Entanglement dynamics in the many-body Hatano-Nelson model

TL;DR

This paper investigates the unique entanglement dynamics in a non-Hermitian many-body quantum system, revealing non-monotonic behavior and suppressed saturation of entanglement entropy, contrasting with Hermitian systems.

Contribution

It provides the first detailed numerical analysis of entanglement dynamics in the non-Hermitian Hatano-Nelson model, highlighting key differences from Hermitian counterparts.

Findings

Entanglement entropy exhibits non-monotonic time evolution in the delocalized regime.

Asymptotic entanglement entropy saturates at a suppressed, logarithmically increasing value.

Non-Hermitian effects significantly alter entanglement dynamics compared to Hermitian systems.

Abstract

The entanglement dynamics in a non-Hermitian quantum system is studied numerically and analyzed from the viewpoint of quasiparticle picture. As a concrete model, we consider a one-dimensional tight-binding model with asymmetric hopping (Hatano-Nelson model) under onsite disorder and nearest-neighbor interaction.
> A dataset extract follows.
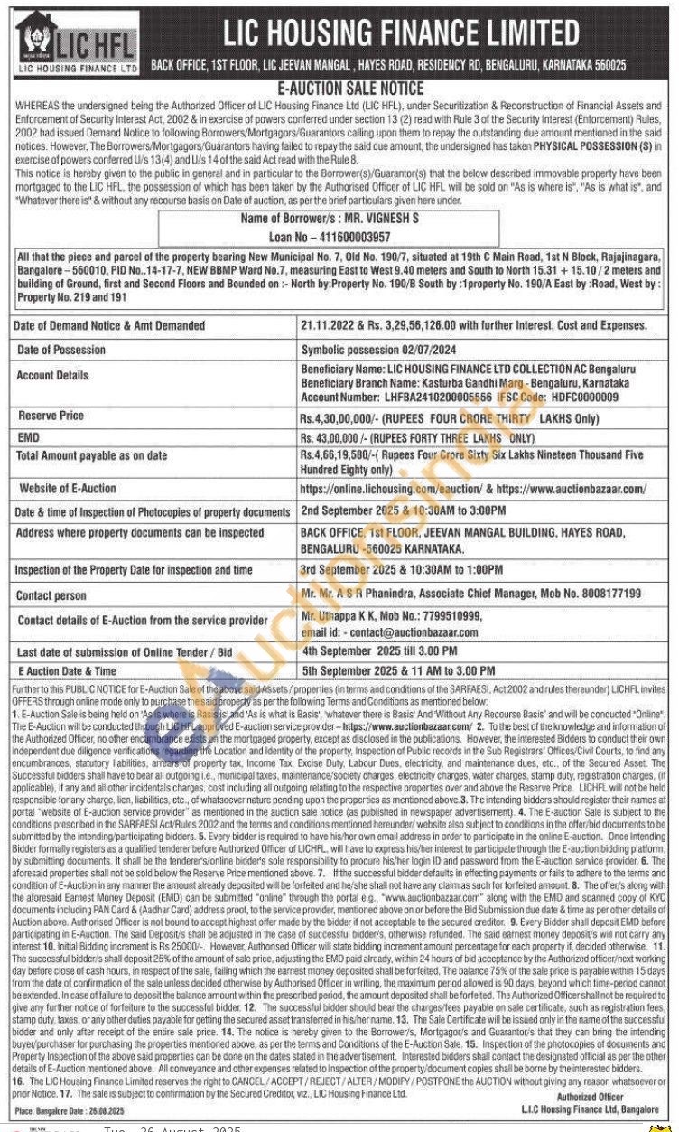 All that the piece and parcel of the property bearing New Municipal No. 7, Old No. 190/7, situated at 19th C Main Road, 1st N Block, Rajajinagara, Bangalore-560010, PID No. 14-17-7, NEW BBMP Ward No.7, measuring East to West 9.40 meters and South to North 15.31 +15.10/2 meters and building of Ground, first and Second Floors and Bounded on:- North by: Property No. 190/8 South by : Tproperty No. 190/A East by :Road, West by: Property No. 219 and 191

As opposed to an assertion of previous studies, the entanglement dynamics in this non-Hermitian quantum system is very different from the one in its Hermitian counterpart, especially in the delocalized regime with weak disorder; there the entanglement entropy $S_{\rm ent}(t)$ shows a characteristic non-monotonic time evolution. We have clarified and quantified the nature of this behavior in the quasiparticle picture. In the asymptotic regime of $t\rightarrow\infty$, the entanglement entropy $S_{\rm ent}(t)$ in this regime saturates to a much suppressed value, which increases only logarithmically with respect to the size of the subsystem.